The fundraising arms for Democratic and Republican members of Congress don't agree on much, except when it comes to all the big donations they've gotten over the years from jailed financier R. Allen Stanford.
In recent days, the Democratic Senatorial Campaign Committee (DSCC), the National Republican Congressional Committee (NRCC) and other party organizations appealed a court order to return more than $1.7 million combined they received that were tied to Mr. Stanford's alleged multibillion-dollar bilking of thousands of investors. He's in jail awaiting trial on charges of running a Ponzi scheme while a court-appointed receiver tries to recoup money for investors.
The appeals come a month after a federal judge in Texas ordered the organizations to return the money. But in a recent court filing, attorneys for the DSCC and the Democratic Congressional Campaign Committee, which owe more than $1.2 million combined, asked for a stay before having to turn over the money. They want to post bond or a letter of credit pending an appeal.
Meanwhile, in a separate set of court papers, attorneys for the NRCC, the Republican Senatorial Campaign Committee and Republican National Committee filed a notice to appeal the ruling, too.
"After thoroughly reviewing the court's decision and the relevant law, and in light of an important change in the precedent on which the court relied, we believe we have an excellent chance of success," said Kirsten Kukowski, spokeswoman for the RNC.
The combined legal efforts of the political parties show the lengths political committees mdash; Democrat and Republican alike — will go to protect party coffers with control of Congress and the White House up for grabs in 2012.
"Stanford aimed most of his campaign contributions to congressional leaders and party bosses, and eventually started giving heavily to presidential candidates as well, which coincided with the weakening of offshore disclosure and tax regulations that directly benefited Stanford's shady business," said Craig Holman, legislative representative for the D.C.-based watchdog group Public Citizen.
"Like other campaign contributions tainted by scandal, candidates and the party committees should try to show that they personally have not been influenced by the money and turn Stanford contributions over to charity," he said.
Federal law allows campaign committees to part with donations in several ways. They can return contributions, donate them to charity or send the money to the U.S. Treasury.
But Ralph Janvey, receiver in the Stanford case, wants the money returned to investors. In addition to taking the major-party fundraising committees to court, the receiver previously sent letters to dozens of other politicians who received Stanford money over the years. More than a year later, he's still waiting.
According to the most recent accounting last month, politicians have returned $132,500, with nearly $1.8 million still not yet returned, though most of that is still in the hands of the party fundraising groups fighting in court.

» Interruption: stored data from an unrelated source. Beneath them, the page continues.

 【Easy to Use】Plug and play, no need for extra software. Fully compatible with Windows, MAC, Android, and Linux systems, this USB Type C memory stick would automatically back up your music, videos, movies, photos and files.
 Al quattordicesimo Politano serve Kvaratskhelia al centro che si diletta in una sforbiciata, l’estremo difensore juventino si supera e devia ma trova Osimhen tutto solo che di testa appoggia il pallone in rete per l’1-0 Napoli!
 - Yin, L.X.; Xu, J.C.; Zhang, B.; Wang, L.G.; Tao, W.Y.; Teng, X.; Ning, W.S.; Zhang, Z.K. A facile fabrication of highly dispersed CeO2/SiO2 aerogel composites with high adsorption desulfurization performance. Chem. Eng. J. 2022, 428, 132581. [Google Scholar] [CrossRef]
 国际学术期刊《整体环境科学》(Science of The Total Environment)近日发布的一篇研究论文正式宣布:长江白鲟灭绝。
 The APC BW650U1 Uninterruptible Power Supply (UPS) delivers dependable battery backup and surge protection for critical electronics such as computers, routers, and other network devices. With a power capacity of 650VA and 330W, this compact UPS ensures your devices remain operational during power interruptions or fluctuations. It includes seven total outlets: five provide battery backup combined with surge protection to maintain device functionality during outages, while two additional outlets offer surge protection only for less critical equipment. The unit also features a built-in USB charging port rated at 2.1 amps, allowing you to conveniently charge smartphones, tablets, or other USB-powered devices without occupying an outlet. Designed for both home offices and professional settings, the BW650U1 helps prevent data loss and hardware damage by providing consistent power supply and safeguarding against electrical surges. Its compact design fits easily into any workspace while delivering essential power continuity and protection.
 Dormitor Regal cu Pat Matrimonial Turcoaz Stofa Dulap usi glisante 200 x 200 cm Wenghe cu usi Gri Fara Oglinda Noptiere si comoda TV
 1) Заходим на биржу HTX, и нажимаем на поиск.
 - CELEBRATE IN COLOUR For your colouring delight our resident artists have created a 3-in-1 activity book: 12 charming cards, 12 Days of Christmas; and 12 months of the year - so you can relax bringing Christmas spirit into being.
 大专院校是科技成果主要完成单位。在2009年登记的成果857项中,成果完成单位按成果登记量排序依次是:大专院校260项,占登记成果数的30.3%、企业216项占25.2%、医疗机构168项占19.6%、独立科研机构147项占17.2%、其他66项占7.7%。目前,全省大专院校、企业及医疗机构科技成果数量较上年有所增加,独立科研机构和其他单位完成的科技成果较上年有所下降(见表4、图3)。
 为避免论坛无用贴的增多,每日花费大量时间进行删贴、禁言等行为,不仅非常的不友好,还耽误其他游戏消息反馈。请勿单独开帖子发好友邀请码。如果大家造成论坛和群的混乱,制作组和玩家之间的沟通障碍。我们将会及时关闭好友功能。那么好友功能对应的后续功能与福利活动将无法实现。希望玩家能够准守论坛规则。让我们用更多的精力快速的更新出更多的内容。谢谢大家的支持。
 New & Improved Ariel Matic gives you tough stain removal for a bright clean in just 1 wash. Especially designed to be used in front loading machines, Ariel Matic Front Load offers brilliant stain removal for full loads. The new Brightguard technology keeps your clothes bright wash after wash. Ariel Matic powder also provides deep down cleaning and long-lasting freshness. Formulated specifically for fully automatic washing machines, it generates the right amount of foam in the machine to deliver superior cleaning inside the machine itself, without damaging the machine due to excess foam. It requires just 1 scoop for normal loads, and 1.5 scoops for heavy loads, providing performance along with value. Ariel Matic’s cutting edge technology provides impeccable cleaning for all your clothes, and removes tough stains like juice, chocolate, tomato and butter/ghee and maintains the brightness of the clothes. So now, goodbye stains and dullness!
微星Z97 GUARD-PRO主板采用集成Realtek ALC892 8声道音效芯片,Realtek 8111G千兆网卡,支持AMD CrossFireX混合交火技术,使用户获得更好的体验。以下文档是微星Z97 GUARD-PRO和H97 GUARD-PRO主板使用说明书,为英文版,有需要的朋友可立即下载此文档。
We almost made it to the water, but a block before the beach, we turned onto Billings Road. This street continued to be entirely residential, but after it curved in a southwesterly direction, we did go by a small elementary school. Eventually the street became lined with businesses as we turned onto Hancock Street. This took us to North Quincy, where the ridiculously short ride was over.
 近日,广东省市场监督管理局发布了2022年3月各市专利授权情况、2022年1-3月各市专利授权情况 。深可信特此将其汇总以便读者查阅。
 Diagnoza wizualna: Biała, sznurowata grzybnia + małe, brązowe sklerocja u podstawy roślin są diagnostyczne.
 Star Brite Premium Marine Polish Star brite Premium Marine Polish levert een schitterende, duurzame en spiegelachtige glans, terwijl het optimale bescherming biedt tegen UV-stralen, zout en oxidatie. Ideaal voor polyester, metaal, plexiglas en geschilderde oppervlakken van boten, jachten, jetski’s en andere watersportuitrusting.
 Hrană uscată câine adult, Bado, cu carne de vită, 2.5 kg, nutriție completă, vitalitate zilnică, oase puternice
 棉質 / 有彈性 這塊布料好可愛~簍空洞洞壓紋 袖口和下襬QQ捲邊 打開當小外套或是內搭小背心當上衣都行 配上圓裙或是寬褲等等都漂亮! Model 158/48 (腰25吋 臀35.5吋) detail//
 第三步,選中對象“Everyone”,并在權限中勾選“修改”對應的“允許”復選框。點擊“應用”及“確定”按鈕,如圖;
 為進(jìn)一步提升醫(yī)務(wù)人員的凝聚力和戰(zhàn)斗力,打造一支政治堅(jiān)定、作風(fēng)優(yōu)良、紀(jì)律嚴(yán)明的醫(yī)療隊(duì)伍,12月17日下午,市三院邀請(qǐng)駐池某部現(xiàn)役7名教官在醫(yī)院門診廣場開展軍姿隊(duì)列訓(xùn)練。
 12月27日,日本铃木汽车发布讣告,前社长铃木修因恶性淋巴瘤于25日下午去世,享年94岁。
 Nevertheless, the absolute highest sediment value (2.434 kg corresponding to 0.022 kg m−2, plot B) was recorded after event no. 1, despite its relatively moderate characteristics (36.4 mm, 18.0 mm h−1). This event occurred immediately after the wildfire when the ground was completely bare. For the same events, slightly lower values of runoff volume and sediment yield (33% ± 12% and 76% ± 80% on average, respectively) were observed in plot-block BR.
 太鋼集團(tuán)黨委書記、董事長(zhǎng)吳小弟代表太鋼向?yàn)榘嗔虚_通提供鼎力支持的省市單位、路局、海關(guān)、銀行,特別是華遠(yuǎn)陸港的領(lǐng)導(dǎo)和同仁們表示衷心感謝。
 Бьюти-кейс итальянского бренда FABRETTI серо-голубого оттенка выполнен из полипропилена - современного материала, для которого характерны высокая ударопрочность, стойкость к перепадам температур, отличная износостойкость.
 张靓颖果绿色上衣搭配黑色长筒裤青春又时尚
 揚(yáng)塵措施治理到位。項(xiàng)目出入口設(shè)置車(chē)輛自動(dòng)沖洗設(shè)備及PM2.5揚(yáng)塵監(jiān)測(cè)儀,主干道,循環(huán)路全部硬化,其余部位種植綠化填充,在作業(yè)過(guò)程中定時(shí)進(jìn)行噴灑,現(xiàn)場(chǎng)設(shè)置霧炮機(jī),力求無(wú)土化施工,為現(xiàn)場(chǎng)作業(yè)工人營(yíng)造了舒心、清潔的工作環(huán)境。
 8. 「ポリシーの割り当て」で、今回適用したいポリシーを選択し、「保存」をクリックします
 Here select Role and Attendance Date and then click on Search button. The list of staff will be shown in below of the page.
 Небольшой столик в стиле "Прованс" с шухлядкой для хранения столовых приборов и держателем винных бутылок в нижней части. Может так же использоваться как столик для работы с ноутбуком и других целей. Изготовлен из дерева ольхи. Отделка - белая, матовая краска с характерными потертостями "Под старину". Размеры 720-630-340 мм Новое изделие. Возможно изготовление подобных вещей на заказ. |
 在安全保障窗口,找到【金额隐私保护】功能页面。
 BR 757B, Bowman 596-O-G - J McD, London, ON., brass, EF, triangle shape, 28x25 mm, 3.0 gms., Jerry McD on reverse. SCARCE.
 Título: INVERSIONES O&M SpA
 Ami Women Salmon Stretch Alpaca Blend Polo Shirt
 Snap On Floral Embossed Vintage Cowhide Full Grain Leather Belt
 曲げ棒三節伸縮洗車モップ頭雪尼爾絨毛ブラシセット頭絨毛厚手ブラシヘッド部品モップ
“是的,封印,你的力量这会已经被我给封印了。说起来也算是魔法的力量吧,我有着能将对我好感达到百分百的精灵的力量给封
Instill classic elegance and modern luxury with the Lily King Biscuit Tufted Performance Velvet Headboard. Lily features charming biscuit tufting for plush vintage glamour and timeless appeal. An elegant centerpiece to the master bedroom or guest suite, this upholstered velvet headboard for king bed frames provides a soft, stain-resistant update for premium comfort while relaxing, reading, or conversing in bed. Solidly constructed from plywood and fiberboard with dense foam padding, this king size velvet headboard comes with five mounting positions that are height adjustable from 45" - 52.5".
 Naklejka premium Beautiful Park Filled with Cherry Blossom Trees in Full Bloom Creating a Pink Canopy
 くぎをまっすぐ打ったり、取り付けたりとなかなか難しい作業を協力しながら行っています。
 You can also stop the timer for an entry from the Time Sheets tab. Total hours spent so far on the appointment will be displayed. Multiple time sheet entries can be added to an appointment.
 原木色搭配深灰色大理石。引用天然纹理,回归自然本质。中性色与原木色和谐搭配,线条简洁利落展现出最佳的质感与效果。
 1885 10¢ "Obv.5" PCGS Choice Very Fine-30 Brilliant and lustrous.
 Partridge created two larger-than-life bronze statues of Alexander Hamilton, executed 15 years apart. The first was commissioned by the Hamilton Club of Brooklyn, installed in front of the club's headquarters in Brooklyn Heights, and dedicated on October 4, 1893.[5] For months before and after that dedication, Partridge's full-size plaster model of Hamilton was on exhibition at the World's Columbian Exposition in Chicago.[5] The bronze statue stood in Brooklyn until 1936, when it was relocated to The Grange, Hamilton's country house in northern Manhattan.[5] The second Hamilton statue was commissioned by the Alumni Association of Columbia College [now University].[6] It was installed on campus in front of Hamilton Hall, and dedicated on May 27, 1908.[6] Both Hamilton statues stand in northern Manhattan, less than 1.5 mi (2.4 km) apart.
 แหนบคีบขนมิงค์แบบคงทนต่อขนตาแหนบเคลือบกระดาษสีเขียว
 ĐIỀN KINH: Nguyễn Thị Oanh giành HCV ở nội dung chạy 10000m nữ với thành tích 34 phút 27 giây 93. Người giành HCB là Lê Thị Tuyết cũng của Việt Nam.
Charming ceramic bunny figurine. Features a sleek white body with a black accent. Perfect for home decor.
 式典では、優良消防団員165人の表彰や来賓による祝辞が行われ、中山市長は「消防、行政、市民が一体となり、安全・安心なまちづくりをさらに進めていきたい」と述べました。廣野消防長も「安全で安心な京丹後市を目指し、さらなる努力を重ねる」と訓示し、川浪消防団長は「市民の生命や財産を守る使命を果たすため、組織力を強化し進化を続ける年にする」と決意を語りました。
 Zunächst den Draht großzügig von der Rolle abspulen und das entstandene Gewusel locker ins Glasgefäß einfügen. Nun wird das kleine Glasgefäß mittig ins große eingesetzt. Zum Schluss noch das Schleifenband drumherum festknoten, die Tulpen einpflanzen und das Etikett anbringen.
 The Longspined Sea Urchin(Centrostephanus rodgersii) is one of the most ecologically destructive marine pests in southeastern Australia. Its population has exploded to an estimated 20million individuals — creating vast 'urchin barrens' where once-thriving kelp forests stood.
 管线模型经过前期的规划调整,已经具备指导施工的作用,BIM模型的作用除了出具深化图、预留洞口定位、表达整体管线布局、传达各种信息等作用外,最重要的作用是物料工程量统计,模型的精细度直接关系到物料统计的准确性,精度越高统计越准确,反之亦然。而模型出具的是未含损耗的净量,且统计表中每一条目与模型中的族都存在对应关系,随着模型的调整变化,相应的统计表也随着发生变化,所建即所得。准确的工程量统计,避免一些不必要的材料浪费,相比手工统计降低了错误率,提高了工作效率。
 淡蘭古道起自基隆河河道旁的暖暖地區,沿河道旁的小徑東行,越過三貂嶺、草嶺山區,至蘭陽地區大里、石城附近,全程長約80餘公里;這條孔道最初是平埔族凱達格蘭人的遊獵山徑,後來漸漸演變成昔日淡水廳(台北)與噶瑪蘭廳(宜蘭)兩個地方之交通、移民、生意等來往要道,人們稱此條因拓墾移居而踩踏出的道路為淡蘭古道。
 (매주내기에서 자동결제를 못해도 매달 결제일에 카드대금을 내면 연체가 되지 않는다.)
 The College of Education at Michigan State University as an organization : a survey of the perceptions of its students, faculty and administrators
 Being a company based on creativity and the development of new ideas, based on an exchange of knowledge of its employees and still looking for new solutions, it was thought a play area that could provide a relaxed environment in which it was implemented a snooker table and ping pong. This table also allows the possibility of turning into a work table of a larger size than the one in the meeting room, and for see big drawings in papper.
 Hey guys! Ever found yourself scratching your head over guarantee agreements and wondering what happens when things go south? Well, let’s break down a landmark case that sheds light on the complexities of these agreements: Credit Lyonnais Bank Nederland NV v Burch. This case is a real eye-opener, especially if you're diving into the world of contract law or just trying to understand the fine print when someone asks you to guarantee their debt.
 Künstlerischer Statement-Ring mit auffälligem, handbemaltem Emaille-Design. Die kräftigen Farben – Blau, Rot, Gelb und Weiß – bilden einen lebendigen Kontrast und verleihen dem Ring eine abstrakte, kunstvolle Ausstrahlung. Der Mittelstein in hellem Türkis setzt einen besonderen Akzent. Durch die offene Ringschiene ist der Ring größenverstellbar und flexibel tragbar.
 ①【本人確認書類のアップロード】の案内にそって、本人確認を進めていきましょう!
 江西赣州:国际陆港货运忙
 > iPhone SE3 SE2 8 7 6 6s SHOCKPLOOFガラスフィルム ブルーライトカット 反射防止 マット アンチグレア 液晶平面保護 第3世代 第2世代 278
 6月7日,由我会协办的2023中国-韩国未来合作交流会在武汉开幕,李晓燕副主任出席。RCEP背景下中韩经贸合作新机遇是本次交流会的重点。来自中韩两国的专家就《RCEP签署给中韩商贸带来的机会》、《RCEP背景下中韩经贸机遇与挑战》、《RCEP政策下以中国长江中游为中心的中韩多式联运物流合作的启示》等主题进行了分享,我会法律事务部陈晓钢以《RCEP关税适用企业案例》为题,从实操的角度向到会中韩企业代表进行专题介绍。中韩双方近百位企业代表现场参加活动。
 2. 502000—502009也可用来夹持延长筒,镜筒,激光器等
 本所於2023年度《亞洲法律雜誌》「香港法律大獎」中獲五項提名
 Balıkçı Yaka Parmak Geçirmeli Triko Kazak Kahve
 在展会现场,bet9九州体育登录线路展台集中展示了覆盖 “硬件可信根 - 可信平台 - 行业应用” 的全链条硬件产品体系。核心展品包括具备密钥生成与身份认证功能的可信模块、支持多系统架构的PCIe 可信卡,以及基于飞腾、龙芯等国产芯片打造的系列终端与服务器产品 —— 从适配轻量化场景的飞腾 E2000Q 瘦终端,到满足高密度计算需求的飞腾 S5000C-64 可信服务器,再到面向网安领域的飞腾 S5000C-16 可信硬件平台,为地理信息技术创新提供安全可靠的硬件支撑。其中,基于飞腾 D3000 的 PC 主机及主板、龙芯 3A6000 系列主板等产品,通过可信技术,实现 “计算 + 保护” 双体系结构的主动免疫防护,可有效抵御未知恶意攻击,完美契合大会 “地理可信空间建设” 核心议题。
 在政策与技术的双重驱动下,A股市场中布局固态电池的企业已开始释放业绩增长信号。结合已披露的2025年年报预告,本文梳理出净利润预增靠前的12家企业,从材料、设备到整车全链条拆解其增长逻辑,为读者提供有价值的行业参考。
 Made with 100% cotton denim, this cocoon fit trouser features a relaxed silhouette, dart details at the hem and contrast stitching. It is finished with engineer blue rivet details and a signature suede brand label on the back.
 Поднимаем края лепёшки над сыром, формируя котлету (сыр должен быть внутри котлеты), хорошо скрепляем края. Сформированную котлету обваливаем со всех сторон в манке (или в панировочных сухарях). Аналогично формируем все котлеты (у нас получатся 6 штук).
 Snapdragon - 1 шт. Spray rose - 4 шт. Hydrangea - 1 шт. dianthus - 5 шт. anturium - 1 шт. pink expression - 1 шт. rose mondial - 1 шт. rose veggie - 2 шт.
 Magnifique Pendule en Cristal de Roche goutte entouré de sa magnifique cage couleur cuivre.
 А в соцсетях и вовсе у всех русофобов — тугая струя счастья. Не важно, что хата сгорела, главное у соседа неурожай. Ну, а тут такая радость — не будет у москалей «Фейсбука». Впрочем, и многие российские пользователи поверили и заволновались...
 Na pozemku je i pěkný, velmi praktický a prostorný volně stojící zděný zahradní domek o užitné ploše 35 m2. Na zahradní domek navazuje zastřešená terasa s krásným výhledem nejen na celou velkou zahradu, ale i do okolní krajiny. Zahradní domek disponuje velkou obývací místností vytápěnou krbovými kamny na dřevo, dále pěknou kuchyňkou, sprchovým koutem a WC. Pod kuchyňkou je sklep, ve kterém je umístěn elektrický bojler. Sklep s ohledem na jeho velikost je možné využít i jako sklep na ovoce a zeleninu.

Aside from the political committees, Rep. Charles B. Rangel, New York Democrat, appears to be the biggest beneficiary of Stanford cash among those who have yet to return donations. The Rangel Victory Fund received $25,000 from Mr. Stanford, his associates and businesses, money that Mr. Janvey says is directly tied to the Ponzi scheme.
Other beneficiaries include the New Jersey Democratic State Committee and Rep. Pete Sessions, Texas Republican, with $10,000 each. Rep. Gregory Meeks, New York Democrat, received $6,600.
Phone and email messages left with the members of Congress were not returned, nor was a message left with the New Jersey Democratic State Committee.
Among dozens of politicians who have returned the contributions are Sen. Richard C. Shelby, Alabama Republican, who sent back $14,000; former Sen. Christopher J. Dodd, Connecticut Democrat, who returned $27,500 from his presidential and Senate campaigns; and Sen. Harry Reid, Nevada Democrat, who returned $8,000.
In court documents, attorneys for the major-party committees put forth several arguments for why they should be allowed to keep the contributions, including arguing that the lawsuits seeking the return of the money weren't filed on time.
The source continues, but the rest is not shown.